Survey Design and Implementation
Does achieving 25 million new Top Level Domain (TLD) registrations in less than two years constitute a success (greenSec GmbH, 2016)? While it is a large number of domain names, the new TLD program is relatively new and a portion of the general public is unaware these new domain name extensions exist and are available for registration. Some argue the program is a failure, with only industry insiders possessing the knowledge or awareness of its existence. To gain insight into this argument, a survey on new domain name registrations will be conducted focusing on a cohort outside the TLD industry.
“Spending time making sure your survey is rooted in the realities of respondents lives” is the basis of this question as the Internet is becoming a part of our daily lives and only continues to grow (Snap Surveys, 2015). As such, more people and businesses are creating website and buying domain names. While most people are familiar with legacy top level domains such as .com, .org, .info, etc. or country code domains such as .us or .ca the question of whether people understand and accept new top level domains and to what degree is not known.
This paper will examine the development of a survey surrounding how Internet users understand and accept new Top Level Domains. A proposed sampling plan, survey instrument and mode of delivery, implementation plan and approach to data management and integration will be provided. This will be rounded out with a draft dashboard for reporting on the resulting data.
Survey Research Topic
The introduction of new generic Top Level Domains (gTLD) began in January 2015 and has been slowly rolling out on a continuous basis. Two years later, debate on whether the gTLD program was a success or simply an influx of money to Internet Corporation for Assigned Names and Numbers (ICANN) has yet to be determined. Some argue that the 25 million registrations originate mostly from insiders and that the general public is unaware or simply does not care about new TLDs and will instead continue to register legacy TLDs such as .com, .net., .info. Thus, the focus of this survey is on gathering information around these questions.
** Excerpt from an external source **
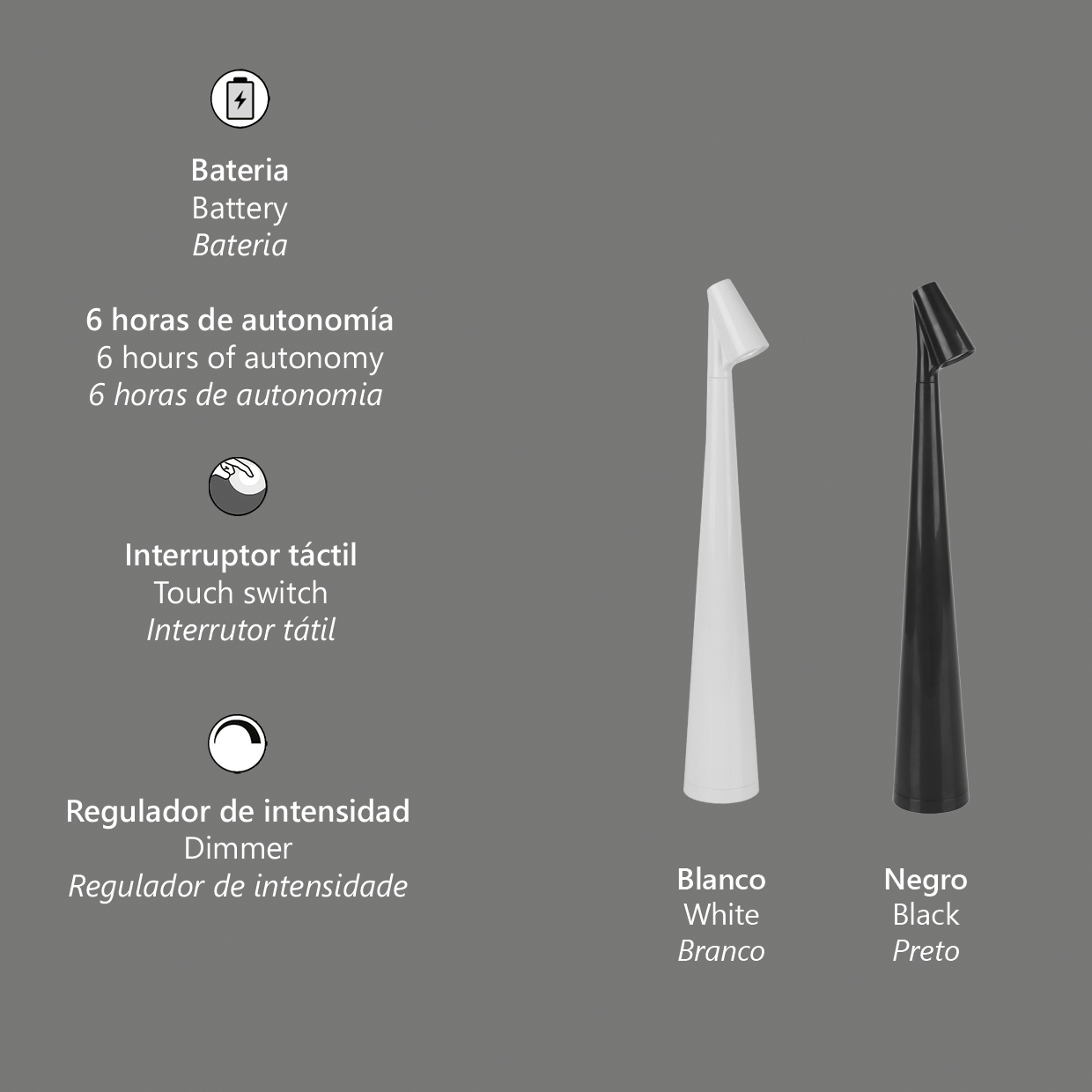 Lámpara recargable.Bateria: 6 horas de autonomniaInterruptor táctil On/Off en la base.Intensidad de la luz regulable.

The new gTLD program was developed with the intent to “promote competition in the domain name market while ensuring Internet security and stability” (Internet Corporation for Assigned Names and Numbers, 2015). As part of the evaluation process, committees were created to both develop and evaluate a set of metrics. There were initially 70 metrics which were later reduced to an evaluation of 65 different metrics focused on four objectives:
- Ensuring accountability, transparency and interests of global Internet Users
- Preserving security, stability and resiliency of the Domain Name System
- Promoting competition, consumer trust and consumer choice
- Whois policy (Competition, Consumer Trust & Consumer Choice, 2016)
The final recommendation on the above metrics is readily available and can augment the above-mentioned survey and its focus. Other information such as registration statistics are available on a number of websites but there is no readily available method to differentiate registrations by people inside the industry versus non-insiders. To further strengthen this case is the number of TLD owners who register their premium names to setup a parking page. In this case, the domain name is registered which allows the domain name to resolve to a website. In the case of a parked page, information on purchasing the domain name and/or pricing is immediately available to a potential buyer, referred to as a registrant.
The survey seeks to collect data that will address:
- Are new TLDs a success or is growth based primarily on industry insiders?
- Are people outside the industry familiar with new top level domains and if so, do they believe they are beneficial and would they consider registering a new top level domain name?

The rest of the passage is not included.